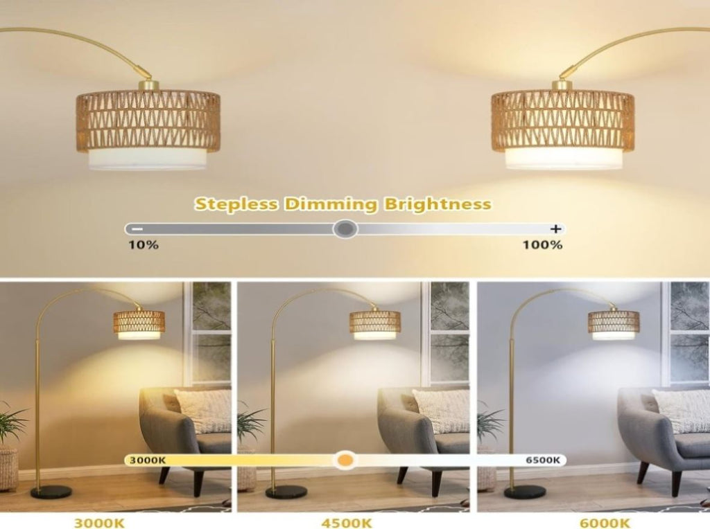 3 Color Temperatures and Fully Dimmable: The arc floor lamp for bedroom comes with a 9W LED bulb which supports stepless dimming of brightness (1%-100%) and color temperatures (3000K-6000K). With the remote, you can easily switch between 4 lighting modes (reading, feeding, working and night light modes) to meet your various scene needs. The timing function allows you to turn on and off automatically at a scheduled time, while the memory function can help you remember the last setting
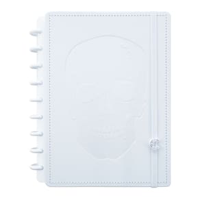 Descubra o Caderno Inteligente White Ink By Alexandre Herchcovitch, a união perfeita entre design exclusivo e funcionalidade modular para transformar sua organização diária. Com capa branca em material premium, traz um detalhe em relevo de caveira que imprime personalidade única e sofisticada, ideal para quem busca estilo e praticidade.
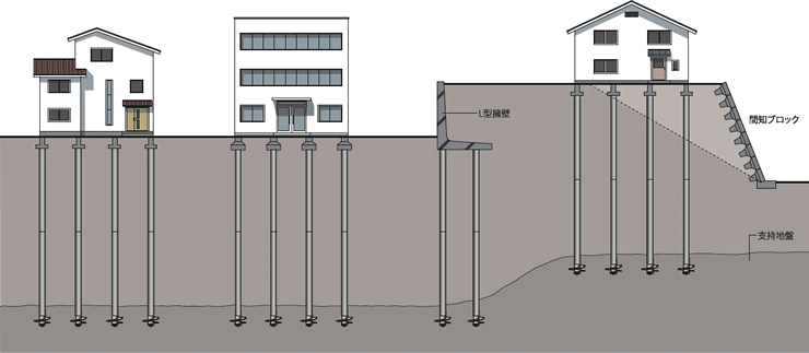 ※Σ-iの適用構造物:(1)地上3階建て以下、(2)高さ13m以下、(3)軒高さ9m以下、(4)延べ床面積5,000m2以下の建築物、および、高さ3.5m以下の擁壁。
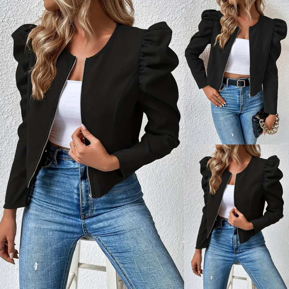 Empieza la nueva temporada con la chaqueta con cremallera Chic, una mezcla perfecta de elegancia y estilo moderno. Esta sencilla chaqueta de color liso desprende un atractivo atemporal y es un complemento versátil para tu armario. Las llamativas mangas gigot con su forma voluminosa y estructurada añaden un toque de dramatismo y sofisticación, elevando tu look a un nuevo nivel. El cierre de cremallera en la parte delantera añade un toque moderno y ofrece funcionalidad y una silueta elegante.

**TASK TO COMPLETE**
Could you repeat word for word only the lines from the one that contains "Descubra o Caderno" through the end of the listing, leaving out the pictures?

**EXERCISE RESULT**
 Descubra o Caderno Inteligente White Ink By Alexandre Herchcovitch, a união perfeita entre design exclusivo e funcionalidade modular para transformar sua organização diária. Com capa branca em material premium, traz um detalhe em relevo de caveira que imprime personalidade única e sofisticada, ideal para quem busca estilo e praticidade.
 ※Σ-iの適用構造物:(1)地上3階建て以下、(2)高さ13m以下、(3)軒高さ9m以下、(4)延べ床面積5,000m2以下の建築物、および、高さ3.5m以下の擁壁。
 Empieza la nueva temporada con la chaqueta con cremallera Chic, una mezcla perfecta de elegancia y estilo moderno. Esta sencilla chaqueta de color liso desprende un atractivo atemporal y es un complemento versátil para tu armario. Las llamativas mangas gigot con su forma voluminosa y estructurada añaden un toque de dramatismo y sofisticación, elevando tu look a un nuevo nivel. El cierre de cremallera en la parte delantera añade un toque moderno y ofrece funcionalidad y una silueta elegante.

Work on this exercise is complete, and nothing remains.